Because your handler logic is completely decoupled from HTTP, it's trivially testable: just call the handler directly and assert the result. The endpoint layer is a thin, generated projection that you never maintain by hand.
Quick Start
Write a handler:
public class ProductHandler
{
public Task<Result<Product>> HandleAsync(CreateProduct command) { ... }
public Result<Product> Handle(GetProduct query) { ... }
public Result<List<Product>> Handle(GetProducts query) { ... }
public Task<Result<Product>> HandleAsync(UpdateProduct command) { ... }
public Task<Result> HandleAsync(DeleteProduct command) { ... }
}Map it in your startup:
var app = builder.Build();
app.MapMediatorEndpoints();
app.Run();That's it. You now have:
POST /api/products → CreateProduct
GET /api/products/{productId} → GetProduct
GET /api/products → GetProducts
PUT /api/products/{productId} → UpdateProduct
DELETE /api/products/{productId} → DeleteProductNo attributes required. The source generator infers everything from your message names and properties:
- HTTP method — from the message name prefix (
Get*→ GET,Create*→ POST,Update*→ PUT,Delete*→ DELETE, etc.) - Route — from the message name (minus the verb prefix), auto-pluralized to follow REST conventions, with message properties (names ending in
Idbecome route parameters) - Parameter binding — ID properties go in the route, other properties become query parameters (GET/DELETE) or body (POST/PUT/PATCH)

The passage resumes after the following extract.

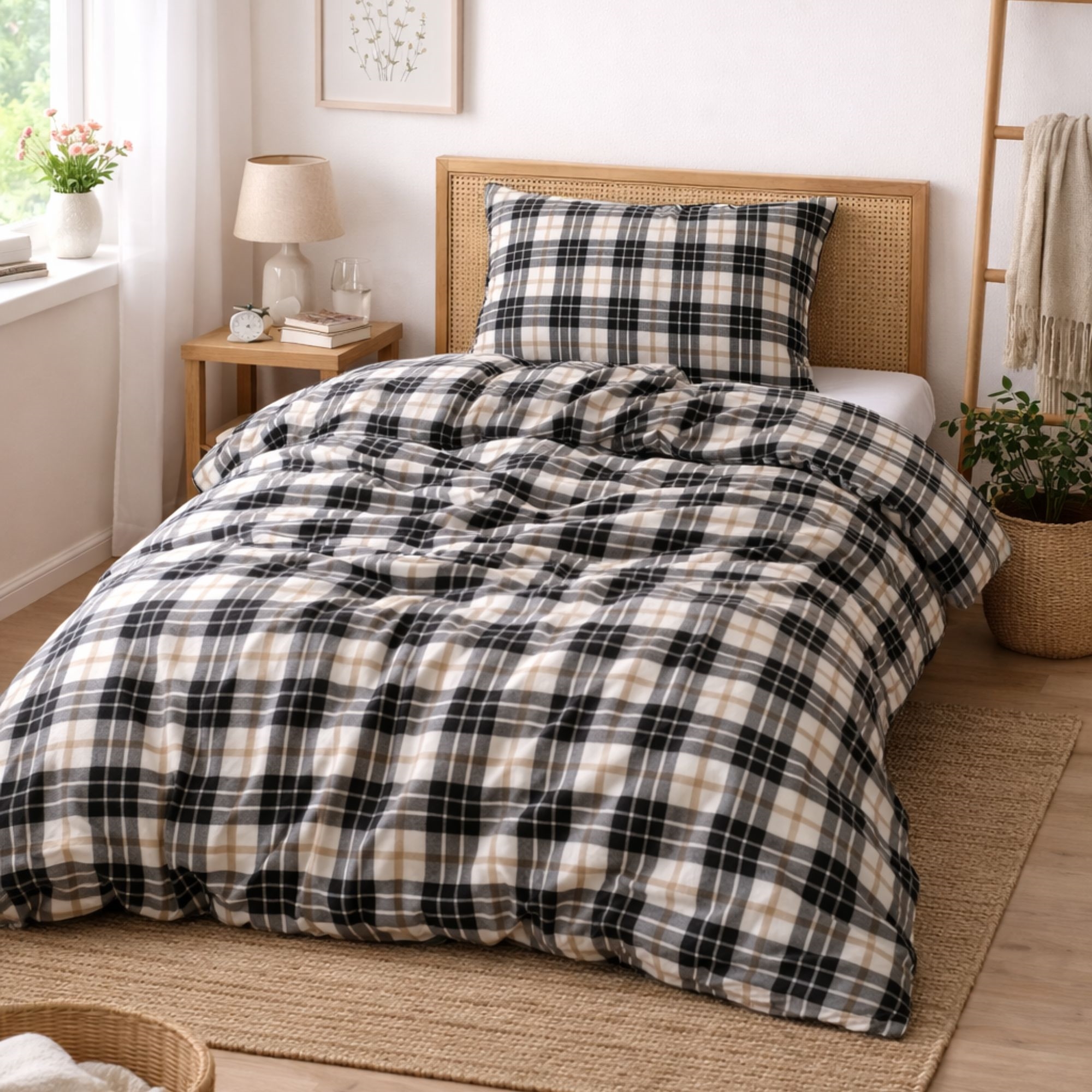 Home » Bedding » Single bedding » Single bedding 140x200 cm Bedding 140x200 cm - 100% cotton flannel bedding - Høie of Scandinavia - Lukas Muted Black 100% Cotton Flannel Save30% Høie Of Scandinavia 68,4947,99EURSave 21,- In stock Select size Select a variant Quantity Add to basket See more from: Høie Of Scandinavia Item number: 8396-1 Read our bedding guide See our large selection of sheets See our large selection of duvets 140x200 Do you have questions about the product? Warm and cozy bedding that feels pleasant against the skinBreathable and soft material with high comfortIncredibly soft and fluffy surface Duvet cover: 140x200 cm Pillowcase: 1 pc. á 60x63 cm Material: 100% cotton flannel bedding Weaving: Extra fine 220TC (Thread count = number of threads per square inch) Color: Black Design: Lukas Muted Black Brand: Høie of Scandinavia Closure: Duvet cover with zipper, pillowcase with overlap Wash: 60° Tumble dry: Yes Suitable for ironing: Yes Certification: EASY CARE treated, which means it does not crease after washing. Certification: MADE IN GREEN by OEKO-TEX® (M2AMSTD86). Your guarantee that the product is free from harmful chemicals. Checked flannel bedding from Høie Make the bed extra inviting with this soft and warm bedding set in 100% cotton flannel. Flannel bedding is the obvious choice for those who feel cold at night and want extra comfort and warmth—especially on chilly nights or during the winter months. Cotton flannel is made by brushing and raising the cotton fibres, which gives an incredibly soft, fluffy and warm surface. The raised structure creates small air pockets in the fabric that effectively help retain heat, while the cotton keeps its natural breathability. This provides a comfortable and balanced night’s sleep without feeling heavy or damp. This flannel bedding has a thread count of 220TC, ensuring a good balance between durability, comfort and softness. The material is suitable for those who often feel cold at night or who want an extra warm bedding set for the cold months. The bedding is MADE IN GREEN by OEKO-TEX® certified, which is your guarantee that the product is free from harmful chemicals. It is also Easy Care treated, which ensures less creasing and better shape after washing. Easy Care makes your bedding extra soft and easy to iron. Cotton satin bedding is therefore an obvious choice for those who want extra comfort and a hotel-like feel at home, while still wanting a natural material that is easy to care for and comfortable to sleep in. See all our flannel bedding here Høie Of Scandinavia Høie of Scandinavia is a well-known Scandinavian textile brand that has a long history since 1850, especially within bedding, duvets and pillows. Høie is known for high quality, timeless design and comfort—reflected in their Nordic style and functionality. Høie combines traditional craftsmanship with modern production and materials to create products that are both comfortable to sleep in and durable in everyday life. See the full selection of Høie here Return to Single bedding 140x200 cm Customers also bought Bathing sandals - Size 36/37 - Unisex - Soft and comfortable slippers In stock 20,495,49EUR Add to basket Flannel sheet 160x200 cm - 100% cotton flannel bed sheet from Høie of Scandinavia In stock 68,4940,99EUR Add to basket Flannel sheet 180x200 cm - 100% Cotton Flannel Fitted Sheet from Høie of Scandinavia Few in stock 68,4940,99EUR Add to basket Bedding 140x200 cm - 100% cotton satin - Black with white piping trim In stock 136,4954,49EUR Add to basket Poppy Cotton towel - 100% cotton - 50x100 cm - Magnolia - Anthracite In stock 13,998,49EUR Add to basket Men's Socks 4 pairs in size 43-45 with The Simpsons In stock 13,998,49EUR Add to basket

- OpenAPI metadata — operation names, status codes, and even error responses are auto-detected from your
Resultfactory calls - Result mapping —
Result<T>return values are automatically converted to the correct HTTP status codes
Why This Matters
This architecture gives you a loosely coupled, message-oriented application with close to zero boilerplate. Your handlers don't know they're behind HTTP — they receive a message and return a result. This means:
- Testing is trivial — handlers are plain methods with no framework code, so you can call them directly in a unit test. No mediator, no
HttpClient, no test server, no request serialization. - Transport-agnostic — the same handler works through HTTP endpoints, direct mediator calls, background jobs, or SignalR — the handler doesn't care.
- Always in sync — endpoints are generated from your handler code, so your API can never drift from your business logic.
Streaming Endpoints & Server-Sent Events
Handlers that return IAsyncEnumerable<T> automatically become streaming HTTP endpoints. Combined with SubscribeAsync, you can push real-time domain events to the browser in just a few lines:
public record GetEventStream;
public record ClientEvent(string EventType, object Data);
public class EventStreamHandler(IMediator mediator)
{
[HandlerEndpoint(Streaming = EndpointStreaming.ServerSentEvents)]
public async IAsyncEnumerable<ClientEvent> Handle(
GetEventStream message,
[EnumeratorCancellation] CancellationToken cancellationToken)
{
await foreach (var evt in mediator.SubscribeAsync<INotification>(
cancellationToken))
{
yield return new ClientEvent(evt.GetType().Name, evt);
}
}
}That generates GET /api/events as an SSE endpoint. Any browser client can subscribe:
const source = new EventSource('/api/events');
source.onmessage = (e) => {
const event = JSON.parse(e.data);
console.log(event.eventType, event.data);
};Whenever any handler publishes a notification, every connected SSE client receives it instantly. Zero polling, zero WebSocket infrastructure.
JSON Array Streaming
Without the SSE attribute, streaming handlers return a JSON array streamed incrementally — useful for large datasets that you don't want to buffer in memory:
public class SalesHandler
{
public async IAsyncEnumerable<SalesRecord> HandleAsync(
GetSalesStream query,
ISalesRepository repository,
[EnumeratorCancellation] CancellationToken cancellationToken = default)
{
await foreach (var record in repository.GetSalesAsync(query.Year, cancellationToken))
{
yield return record;
}
}
}This generates a GET /api/sales endpoint that streams results as they're produced — ASP.NET Core sends each item to the client without waiting for the full result set.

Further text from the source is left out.